His speech was well received, with the exception of one student.

“I was shocked and disappointed when I saw the level of hate in that room,” said Mohamed Zidane, a Ryerson student. “I definitely support the RSU, and I’m proud to be part of the RSU.”


  1. Shannon Riley

    RE: Mohamed Zidane’s comment. Mohamed asked a question of Levant. He explained that he was raised in a Muslim household, and had questioned his faith throughout his life. He asked Ezra’s opinion on whether Islam is inherently problematic. Ezra said that, like any religion, Islam has had golden periods and darker periods. He specifically stated that it would be unfair to characterize the entire religion as being “bad”. I’m not sure how Mohamed interpreted that as hateful. It was a very fair and balanced response. I strongly feel that Mohamed came in with a bias and an agenda, and that he would have condemned Ezra Levant and the event regardless of what was said.

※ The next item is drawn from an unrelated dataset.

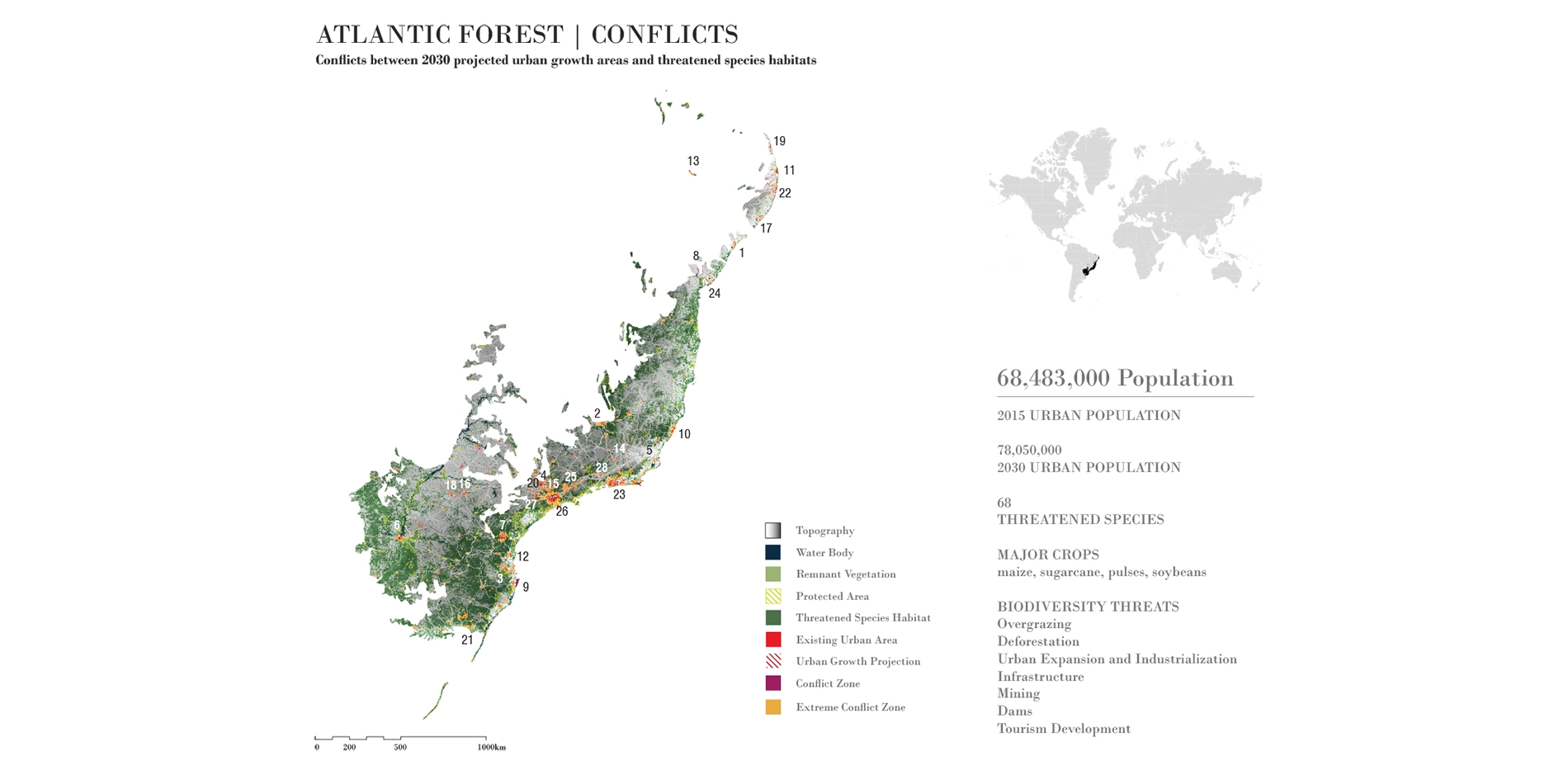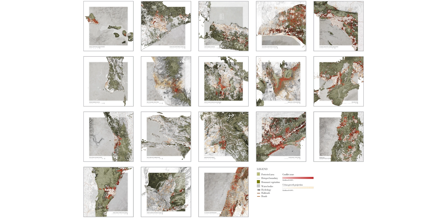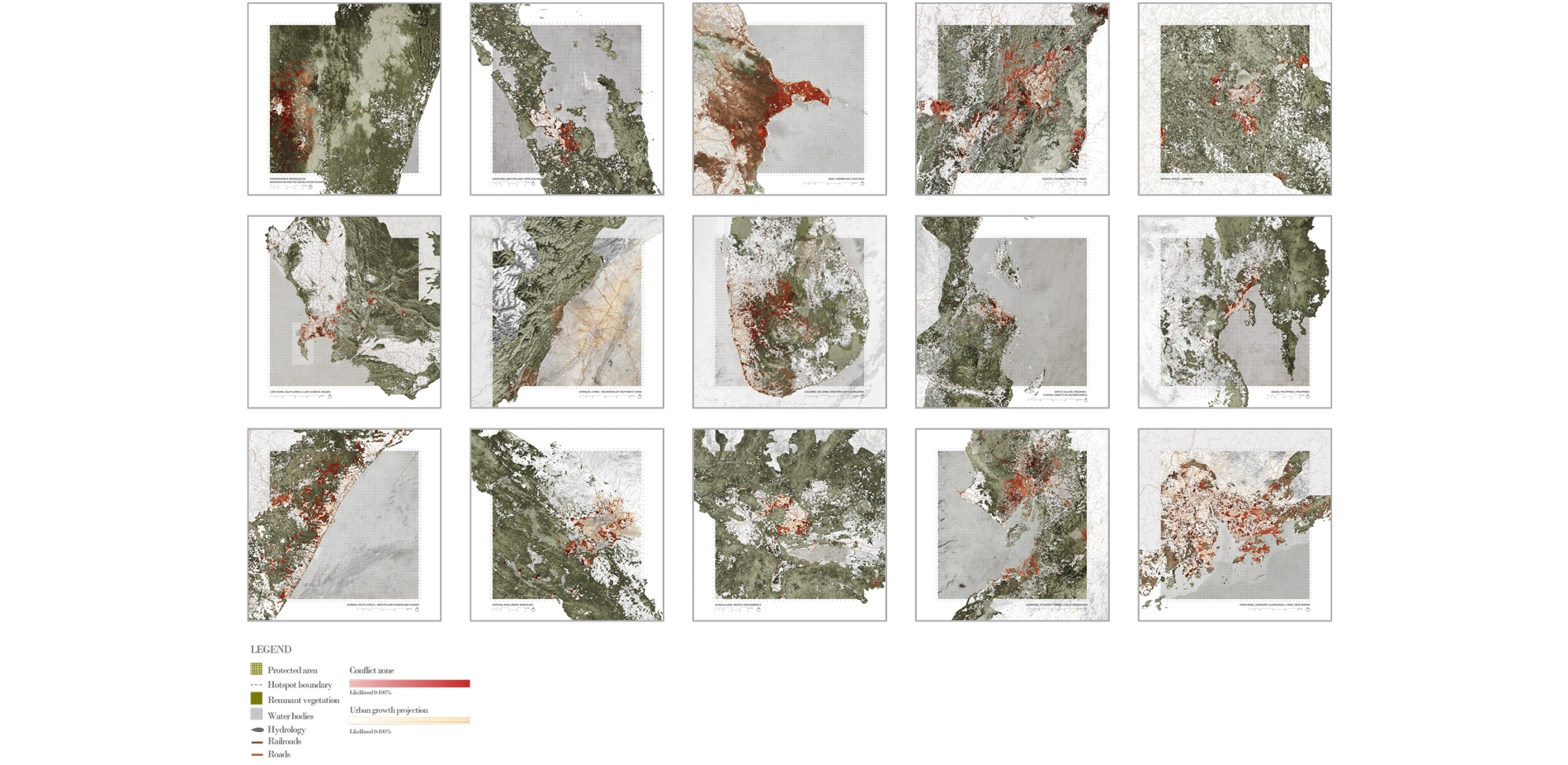 Through its analysis of both large-scale land-use and peri-urban growth that is in conflict with biodiversity, the Atlas serves as a geopolitical tool for planners and conservationists to focus and prioritize their efforts. Whilst this is valuable and important work in and of itself, the Atlas also prepares the ground for the involvement of landscape architecture in regions where the profession's skills are most needed.

    There was no hate at the event; the only thing even remotely close to being hated was the policies of the RSU, and terrorism. If you have a problem with hating on terrorism, then your issues run far deeper than outrage at anything that was said yesterday.

  2. As for Mohamed Zidane’s comment. I recorded the entire speech and there was no hate speech conducted in the room yesterday.

  3. “Controversial media personality Ezra Levant …”

    In what way is this controversial, do you doubt he is a media personality?

    Yes, I am being sarcastic. This is a ridiculous introduction. Would you bring up an outspoken left-wing TV presenter in that way? Of course not, because having an opinion and making that opinion clear is, or should not be, controversial. Ezra Levan is only “controversial” among the arrogant, self-righteous media elite and others in the left-wing bubble, because his opinion is not the one they are careful to proclaim.

    In fact any member of CBC, BBC or CNN news teams should be genuinely controversial, because they bias their news with opinion while claiming to be unbiased. Why is honestly displaying an opinion more controversial than being dishonest about plugging the opposing opinion?